After he saw the light while performing in an amateur pantomime, his father, in an act of inspirational encouragement, dispatched him and his friend Geoffrey Hughes to London with a few pounds each to try to become actors (Hughes would become Eddie Yeats in Coronation Street). Haygarth worked in schools tours and was first noted in London when Stanley Eveling’s Dear Janet Rosenberg, Dear Mr Kooning, directed at the Traverse theatre, Edinburgh, by Max Stafford-Clark, went south to the Royal Court; he played a diehard royalist developing a relationship, first by post, then face-to-face, with a young admirer, played by Susan Carpenter.
Haygarth had a notable physical presence, robust and gentle at the same time – he was good at playing incredulous outsiders and eccentrics – and an utterly distinctive voice, liquid, slightly lisping, treacly and musical. He made a film debut in Ralph Thomas’s Percy (1971), with Hywel Bennett as the hyper-active recipient of a penis transplant, and followed with vivid cameos in Otto Preminger’s The Human Factor (1979), Tom Clegg’s McVicar (1980), as Renfield in John Badham’s Dracula (1979) starring Frank Langella and Laurence Olivier, and in Lindsay Anderson’s Britannia Hospital (1982).
By this time, in the early 1980s, he was a key member of Bill Bryden’s Cottesloe company at the National Theatre, the hard-drinking outfit whose dispersal was said to have resulted in an 80% nose-dive in takings in the Green Room bar. This stream of work included appearances in The Crucible, the Eugene O’Neill “sea plays” season, Tony Harrison’s The Mysteries, the world premiere of David Mamet’s Glengarry Glen Ross and the role of a devious, corner-cutting Sancho Panza opposite Paul Scofield’s magnificently moth-eaten Don Quixote on the Olivier stage.

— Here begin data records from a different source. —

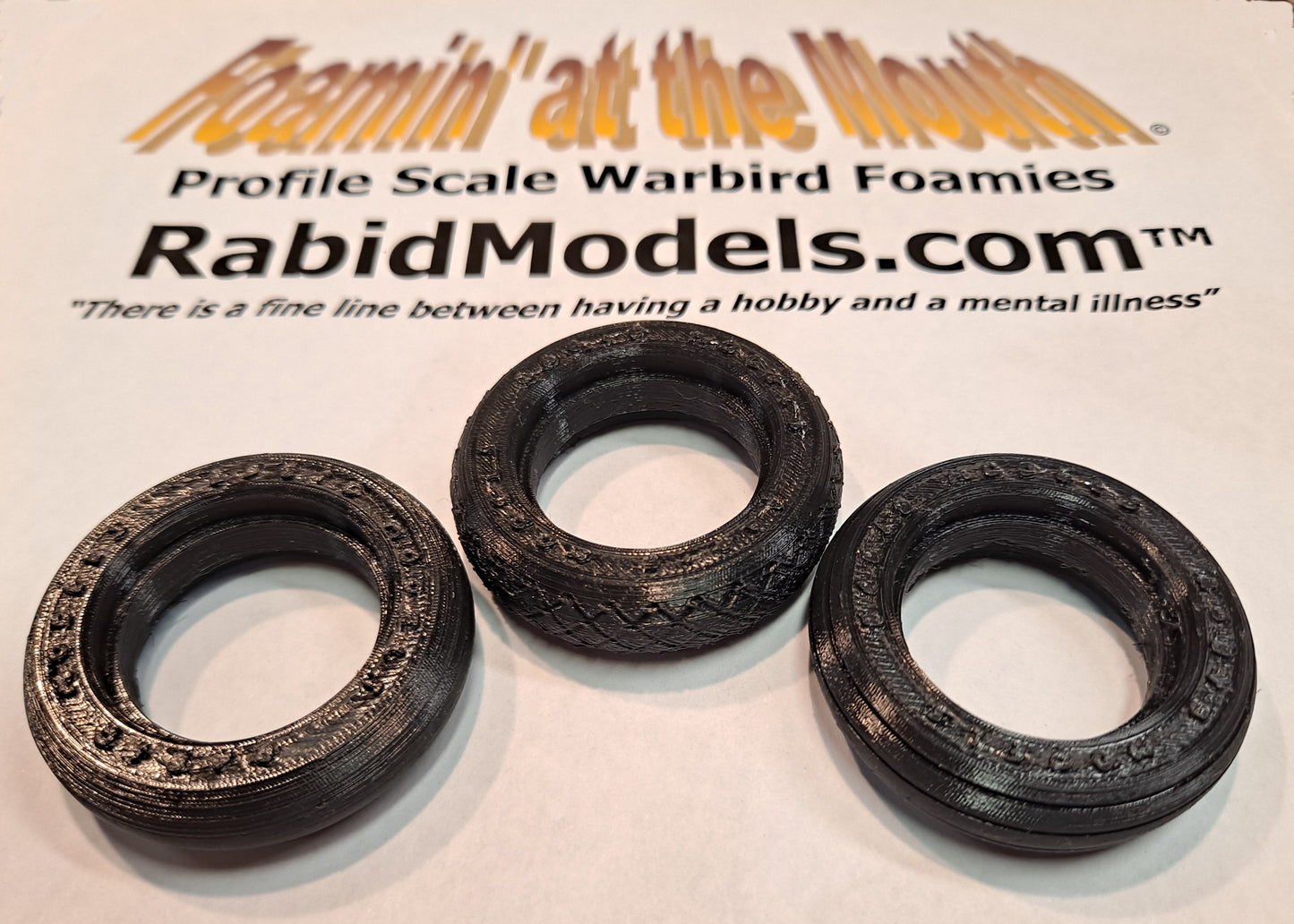 SCALE TIRES: black flexible TPU with optional tread detail. Main wheel is 1.75" diameter, 1/2" wide. One complete main wheel & hub set weighs about 10gm (varies depending on your choice of hubs). The P-63 nose wheel is 1.25" in diameter and about 1/4" wide and one complete nose wheel & hub weighs 3.5gm.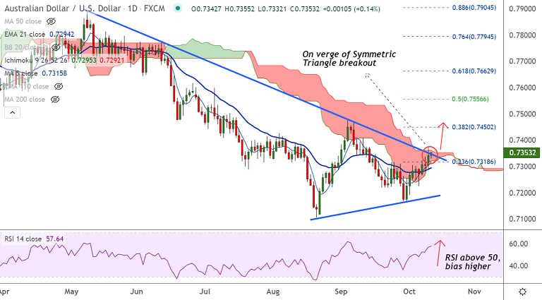 AUD/USD was trading 0.20% higher on the day at 0.7357 at around 05:40 GMT, outlook is bullish.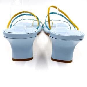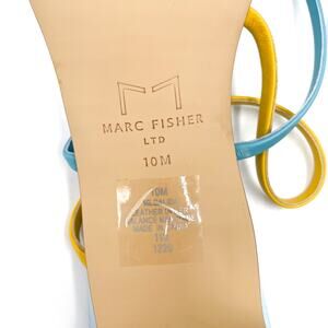 Marc Fisher Calida Sandals Blue Yellow Leather Strap Square Open Toe Sz 10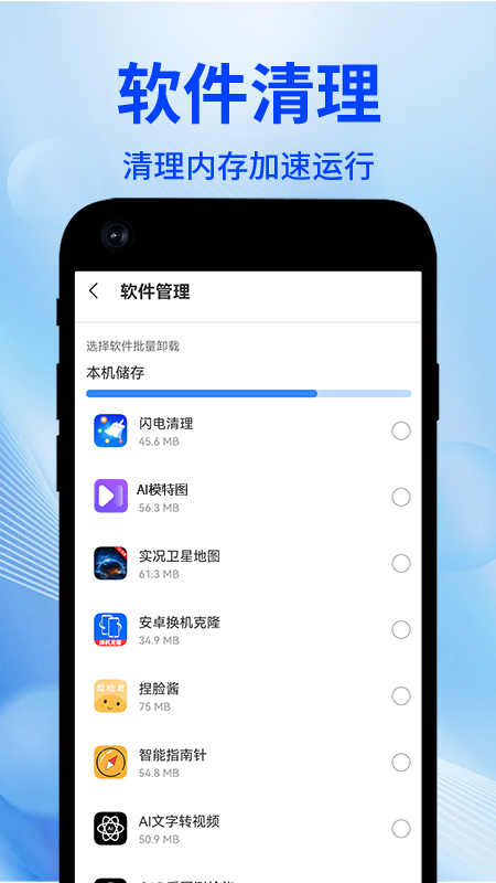 2.可以帮你清理手机本地的文件、图片,用户可以有选择性的进行清理;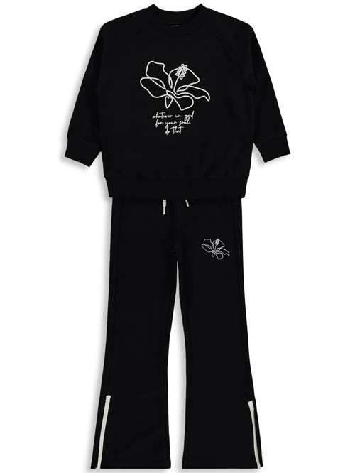 Mışıl Kids Paça Yırtmaçlı 6-9 Yaş Eşofman Takımı - Siyah 6-7 Yaş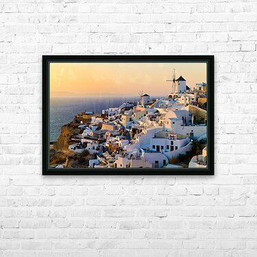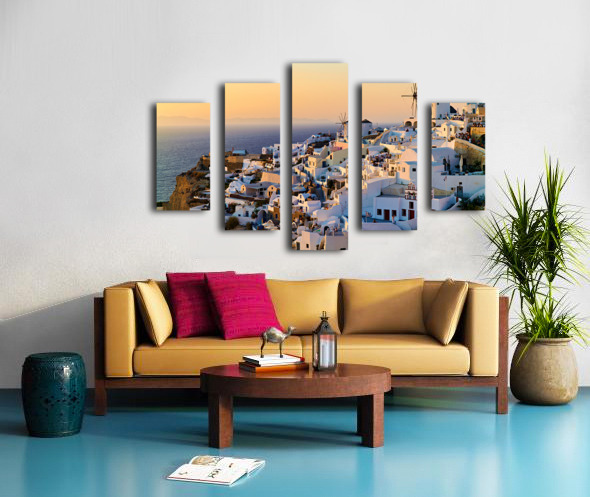 Santorini village at sunset with windmills overlooking the Aegea Frame print

The television series Kinvig (1981), which was devised for him by the sci-fi writer Nigel Kneale, and cast him as an antiheroic electrical repairman whose interplanetary adventures lead him to fight for the Earth’s preservation, was only a modest success.
He never stopped writing poetry and had two plays directed by Adam Meggido on the London fringe: The Lie (2001) at the King’s Head was a study of Marlowe’s violent death; and Dark Meaning Mouse (2003) at the Finborough followed AL Rowse in ascribing the identity of Shakespeare’s Dark Lady of the Sonnets to Emilia Bassano. This supposition was bolstered by Haygarth’s conviction that a Nicholas Hilliard miniature of an “unknown woman” in the V&A, dated 1593, was in fact the beautiful, dark-haired Emilia.
His last 10 years of stage work included participation in two outstanding NT ensembles in Mamet’s Edmond, led by Kenneth Branagh, and John Guare’s synthesis of The Front Page and the movie His Girl Friday, with Alex Jennings and Zoë Wanamaker, both in 2003. He was the seedy nightclub manager Mr Boo in the 2009 West End revival of Jim Cartwright’s The Rise and Fall of Little Voice – his precariously applied ginger hairpiece had an exciting life of its own; and the sea captain in Hall’s valedictory all-star Twelfth Night in 2011, once more in the Cottesloe, with Rebecca Hall as Viola.
Haygarth married the theatre producer Carole Winter in 1985 and, although they divorced in 2013, she cared for him after his diagnosis with prostate cancer, and in 2014 with Alzheimer’s and vascular dementia. He is survived by Carole and their daughters, Katie and Becky.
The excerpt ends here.